Hi wessel,
I read this, but I did not understand what I actually read.
Ok, I'm glad you asked. I will try to clarify.
This is feature is a feature subset selection algorithm specially designed for Micro array data?
How is the optimal feature subset defined?
As the feature subset that produces the classifier with minimal error on the test set?
The Plugin/Extension does not consist of one single feature selection algorithm or classifier.
It is a small collection of feature selection methods that were published with a focus on microarray data and which were not available in RM (at that time(?)). To try them out on my data, I had to implement them in RM. The list of implemented methods is shown in my previous post. I'll edit it and add some explanation to the operators.
What is wrong with the wrapper approach?
This has more intelligent search?
Microarray data usually has LOTS of feature, 1000s to 100.000s. My particular dataset has >280.000 features. Conducting a Forward Selection with a wrapper and a 10fold cross-validation with, e.g. an SVM for training, for selecting only 10 features you would have to train roughly ~ 10 * 280.000 * 10 = 28.000.000 SVMs. Don't even try to think of backward-elimination as the models have to be built on very highdimensional data.
Yes, you could reduce from 10fold to e.g. 5fold and use NaiveBayes instead of SVM, but it would still take ages. And with the old* RM forward selection you would run out of memory.
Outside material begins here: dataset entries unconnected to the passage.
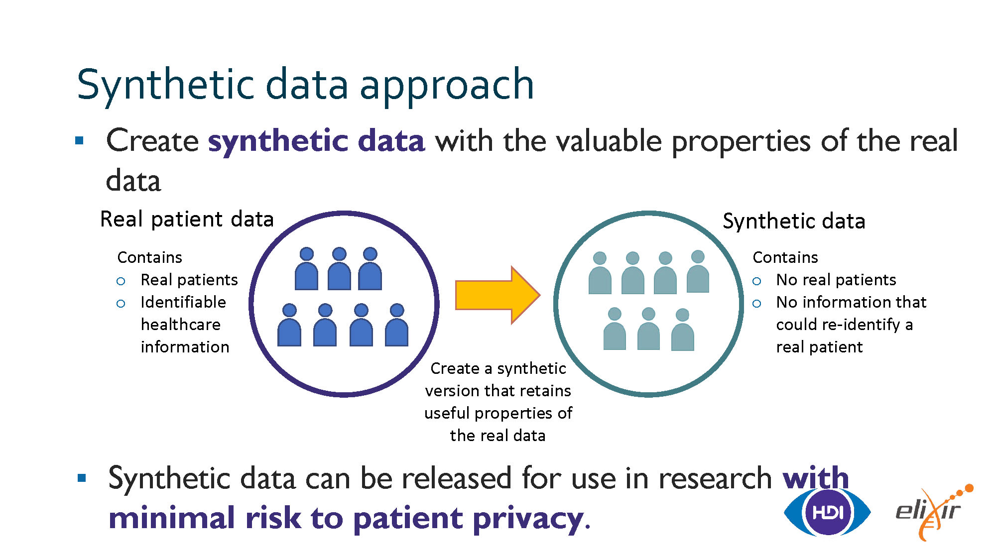 - New data is synthesised by OHDSI or Opensafely (both using the same models) based on existing input data, but with the ability to manipulate as required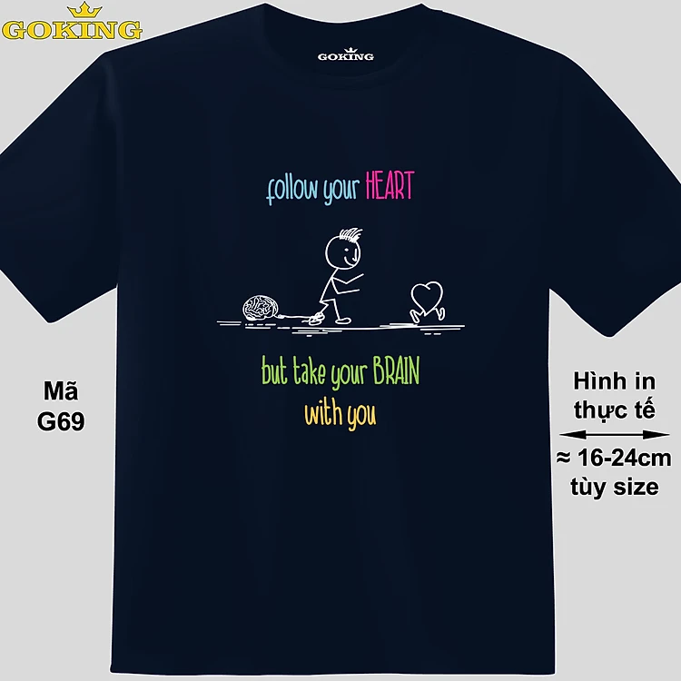 Follow your HEART but take your BRAIN with you, mã G69. Áo phông siêu dễ thương cho nam nữ, form unisex. Áo phông hàng hiệu Goking, quà tặng cao cấp cho gia đình, cặp đôi, doanh nghiệp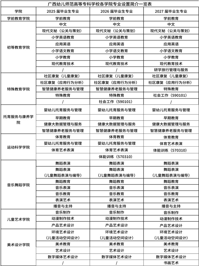 广西幼儿师范高等专科学校2025届、2026届、2027届各学院专业设置见下图:
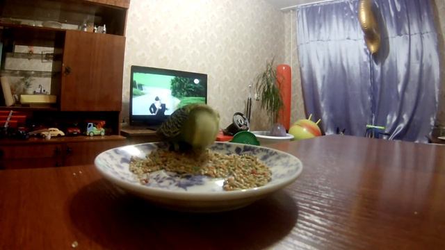 волнистый попугай Сёма кушает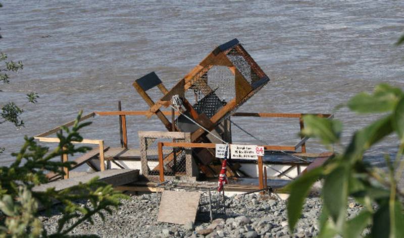 The next day we flew back to the Chitina airport. The Copper River passes right by the airport and the local folks were out catching Copper River Red Salmon and King Salmon either in dip nets (hard to imagine) or in their fish wheels. This is a fish wheel or half of one anyway. The other half is under water. It is turned by the current of the river, going from left to right in the photo. Fish swimming along in the current swim get scooped into the basket, which keeps turning. As the wheel gets to the top of the arc, the fish slides down the chute and plops into a box which is partially under water. The fisher-person watches all this from a comfortable chair and reaches into the cooler and pops another beer! At the end of an hour or a day (depending on the fishing), the fisher-person walks down the plank, reaches into the basket and plucks out several 30 to 40 pound salmon!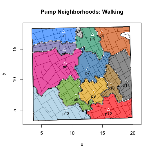 I then wrote functions that compute and visualize walking distances on the map. The value of these functions go beyond the ability to replicate and validate Snow’s efforts. By allowing you to compute hypothetical neighborhoods via selective inclusion or exclusion of pumps or to allow for different measures of proximity (e.g., Euclidean), they also allow you to explore counterfactual scenarios. Ultimately, this can help us to better assess whether we really can use the map to “prove” Snow’s claims.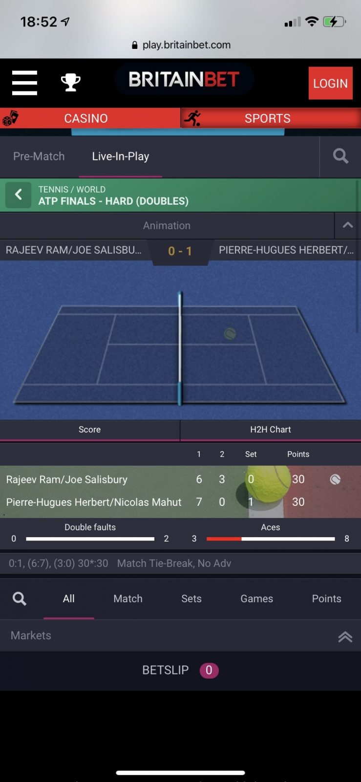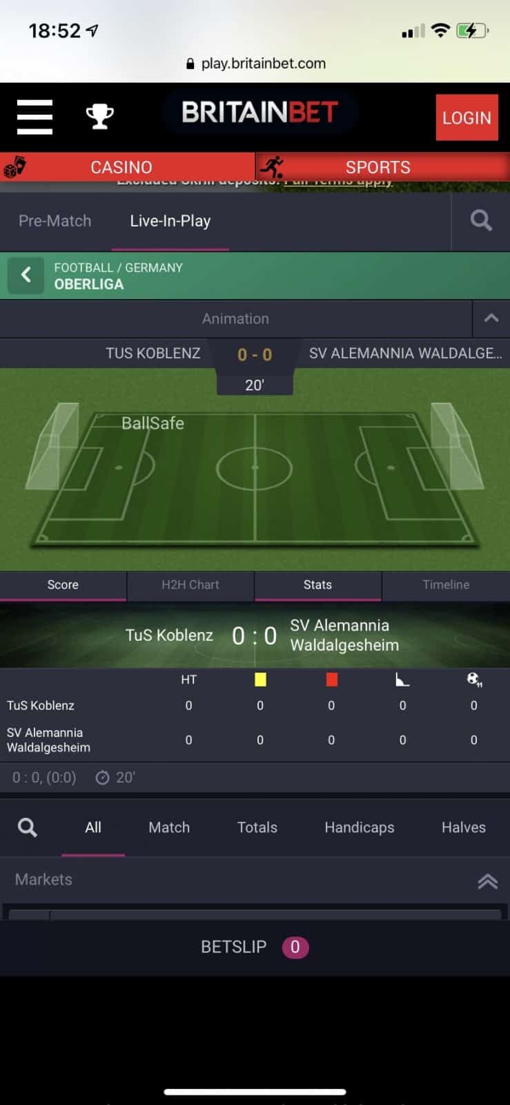 At the time of writing this BritainBet review, live streaming is not an option at BritainBet, but every sport that you can bet on in play is accompanied by a graphic showing the latest score, in addition to up-to-date statistics relating to that particular matchup.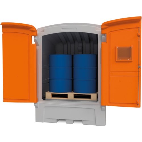 • ein Stahlgitterrost oder PE-Rost ist nicht erforderlich, kann beim PE-Gefahrstoffdepot 220/2 aber optional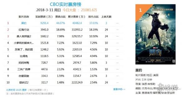 根据CBO实时票房榜数据,《黑豹》目前实时票房为9291.4万,排片占比也达到了37.03%,才上映3天就有这样的成绩,着实让人期待《黑豹》接下来在国内市场的表现,你觉得这部电影的累计票房会达到多少呢?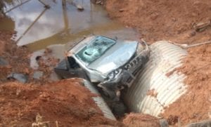 Carro cai em ribanceira na estrada que liga a Ponte Nova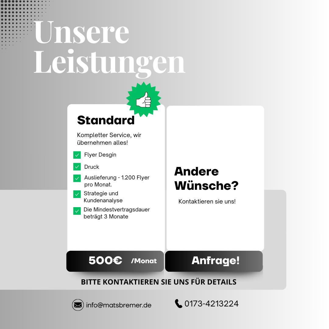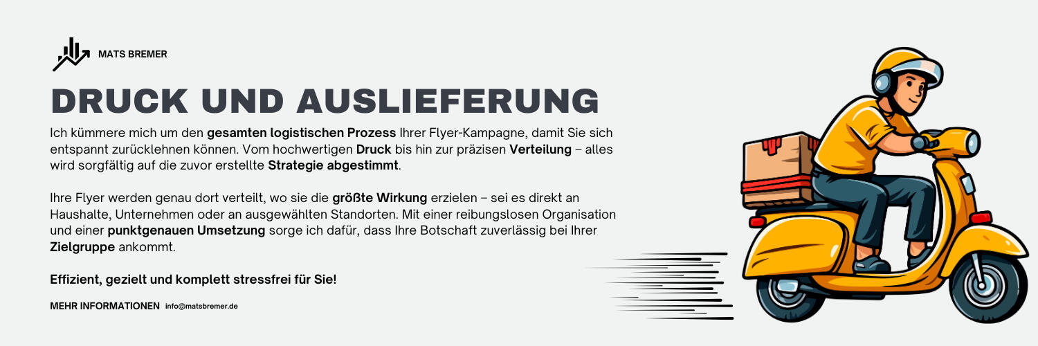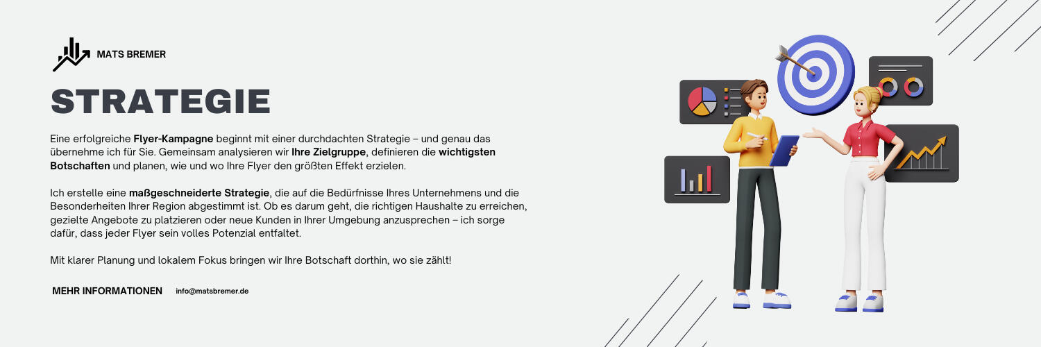 Mein Name ist Mats Bremer, und ich habe es mir zur Aufgabe gemacht, kleineren Unternehmen dabei zu helfen, in ihrer Region sichtbar zu werden. In einer Welt, die immer digitaler wird, glaube ich an die Kraft des guten alten Door-to-Door-Marketings – persönlich, greifbar und direkt.Mit meiner Spezialisierung auf Flyer-Marketing unterstütze ich lokale Betriebe, die Nähe zu ihren Kunden suchen. Ich kümmere mich um alles: von der Analyse potenzieller Zielgruppen über das Design bis hin zum Druck und der gezielten Verteilung. Mein Ziel ist es, Ihren Betrieb nicht nur bekannter zu machen, sondern auch echte Verbindungen zu schaffen – direkt vor der Haustür Ihrer Kunden.Gemeinsam bringen wir Ihre Botschaft an die richtigen Türen!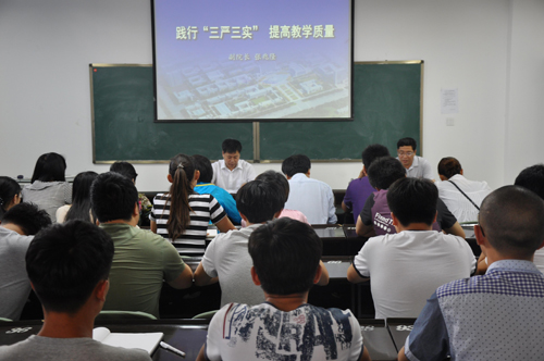 张院长从"三严三实"的丰富内涵和重大意义、深入查摆"不严不实"问题、践行"三严三实"要求、提高教学质量四个方面给老师和学生进行了讲解。张院长指出"三严三实"虽然只有短短6句话24个字,言简意赅,但是内涵丰富、精辟深刻,是我们做人做事、为官用权的警世箴言。张院长强调党员干部要把思想和行动统一到党中央和习总书记对从严治党的要求上来,自觉践行"三严三实",内化于心、外化于行,真正使自己的作风严起来、行动实起来,做对党忠诚、干净干事、敢于担当的好干部。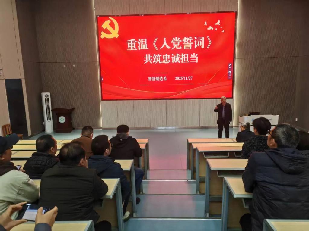 11月27日,为进一步贯彻落实新时代教师队伍建设要求,持续强化师德师风和政治素养,不断提升教师的党性修养与理论水平。智能制造系组织开展“重温入党誓词·共筑忠诚担当”主题教育活动,系领导班子、全体教职员工共同参与。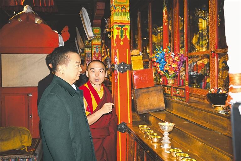 王君正深入寺廟開展調(diào)研,與僧尼親切交流。扎西吉培寺坐落于謝通門縣,歷史悠久、氣勢(shì)恢宏。王君正來(lái)到這里,詳細(xì)了解該寺加強(qiáng)和創(chuàng)新寺廟管理、寺廟歷史、文物保護(hù)等情況,聽取“三個(gè)意識(shí)”教育工作開展情況匯報(bào)。指出,要進(jìn)一步深化拓展“三個(gè)意識(shí)”教育,總結(jié)提升好經(jīng)驗(yàn)好做法,對(duì)該寺結(jié)合實(shí)際建立“六項(xiàng)機(jī)制”,完善僧尼綜合考核,推動(dòng)僧尼實(shí)現(xiàn)自我教育、自我管理、自我約束等工作進(jìn)行總結(jié)提煉、不斷完善;依法加強(qiáng)宗教事務(wù)管理,掌握宗教工作科學(xué)方法,推動(dòng)宗教事務(wù)管理法治化、規(guī)范化、常態(tài)化,強(qiáng)化寺管會(huì)工作職能,加強(qiáng)寺管會(huì)干部隊(duì)伍建設(shè),推動(dòng)宗教工作由“管得住”向“管得好”轉(zhuǎn)變。王君正在考察了解到該寺珍藏著《甘珠爾》《丹珠爾》等文物古籍時(shí)指出,要加強(qiáng)文物古籍保護(hù)利用,切實(shí)提高文物保護(hù)的科技含量和裝備水平,讓珍貴古籍、文物資源煥發(fā)新生、世代傳承,留住歷史的痕跡和文明的根脈。王君正對(duì)該寺組織僧尼前往區(qū)外學(xué)習(xí)參觀感到高興,指出,加強(qiáng)西藏宗教界與區(qū)外交流學(xué)習(xí)是鑄牢中華民族共同體意識(shí)的具體體現(xiàn),對(duì)于深入推動(dòng)各民族交往交流交融將起到積極促進(jìn)作用,必將進(jìn)一步構(gòu)筑中華民族共有精神文化家園。
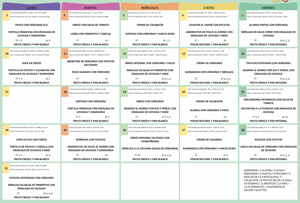 El menú escolar está elaborado y supervisado por un gabinete de nutricionistas, se prepara en nuestras propias cocinas, y está adaptado a las necesidades nutricionales de cada uno de nuestros alumnos.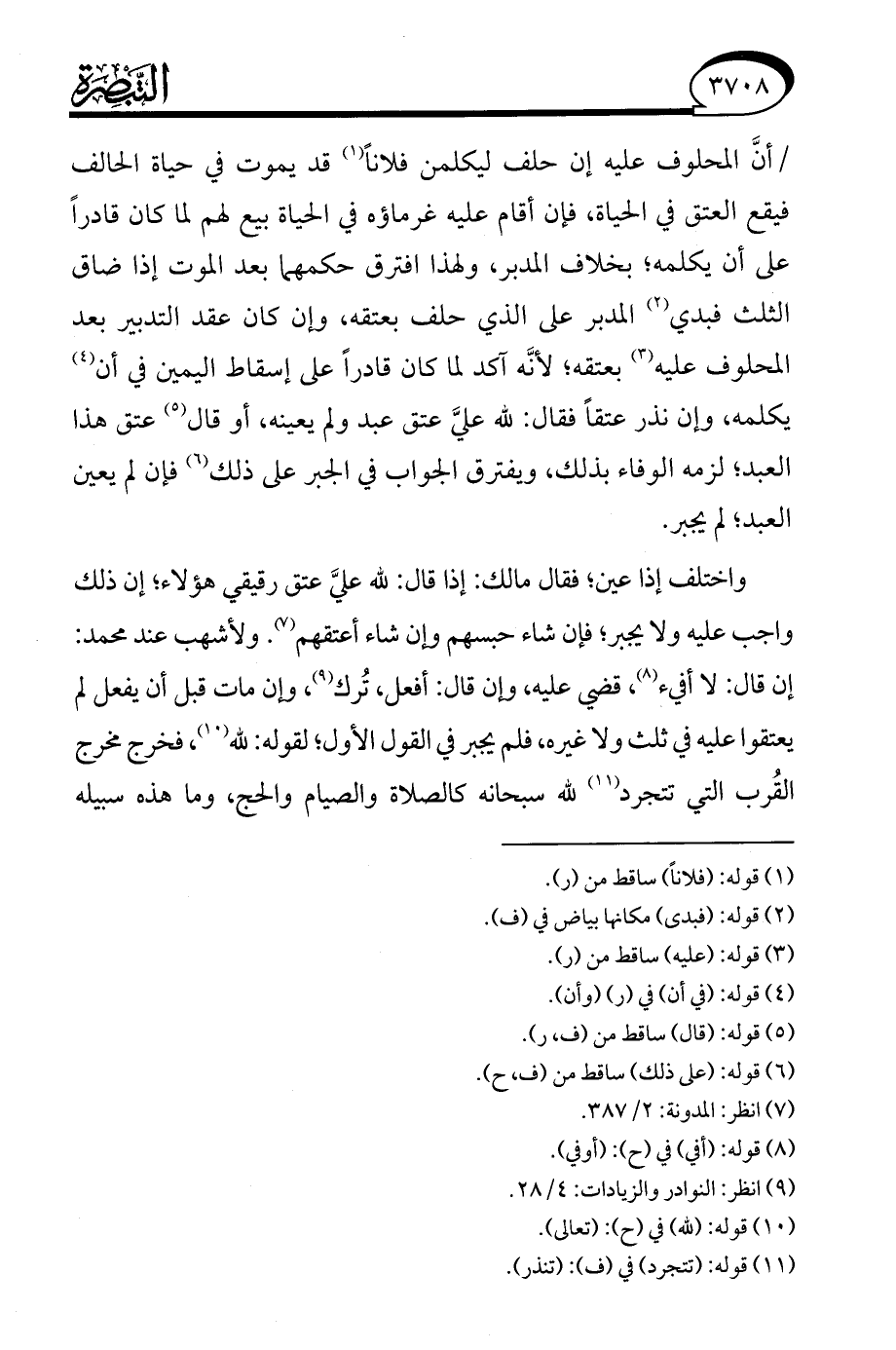 (¬9) انظر: النوادر والزيادات: 4/ 28.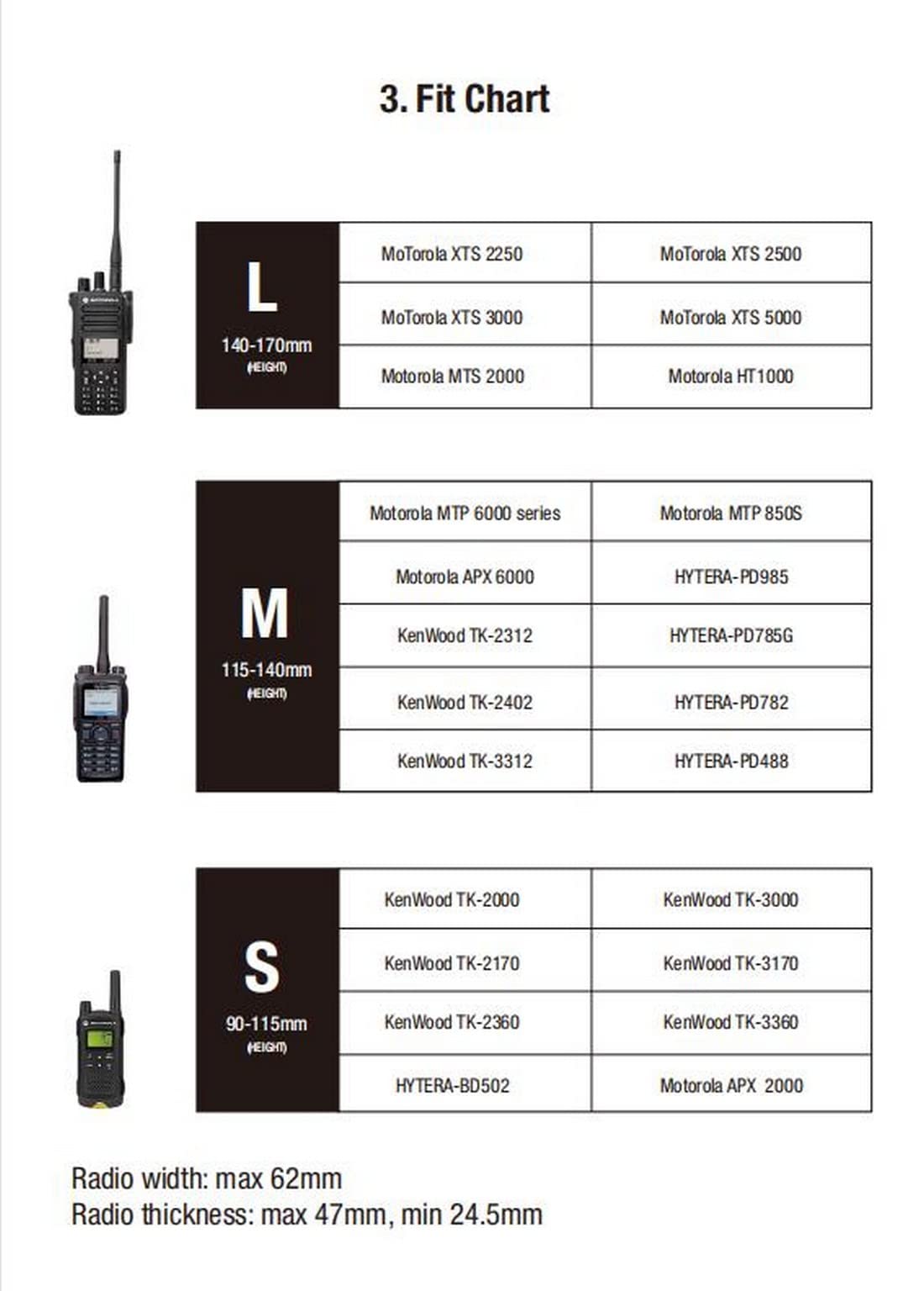 Q: What walkie talkie models are compatible with the Tactical Scorpion Gear Polymer Holster?A: This holster is designed to fit various walkie talkie models including Motorola XTS 2250, 2500, 3000, 3500, 5000, MTS 2000, MTP 6000 series, HT1000, APX 6000, as well as Hytera PD785, PD785G, PD488, PD782, PD985, and Kenwood TK-2000, 3000, 2170, 3170 models.
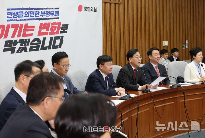정점식 정책위의장은 "우 의장이 제시하는 개헌은 핵심 과제가 빠졌다. 핵심이 아닌 일부 내용만 처리하겠다는 것은 국민적 요구에 기반한 것이 아니라 우 의장의 정치적 성과를 위한 선택형 개헌"이라고 했다.

*I know the new forward selection improved on this, but I haven't tried yet.
So that's the computational issue. Also, wrapper searches with a a certain learner may overfit to that specific learner.
In microarray literature it mostly boils down to using a statistical test to rank the features and then select the k most important features. But by the time more sophisticated methods have been developed that take feature interactions into account. Examples for such are RFE, MRMR, CFS, CBFS, FCBF. Some of them define an optimal feature set, some (most) just rank the features.
Hope I could shed some light on the topic.
Ben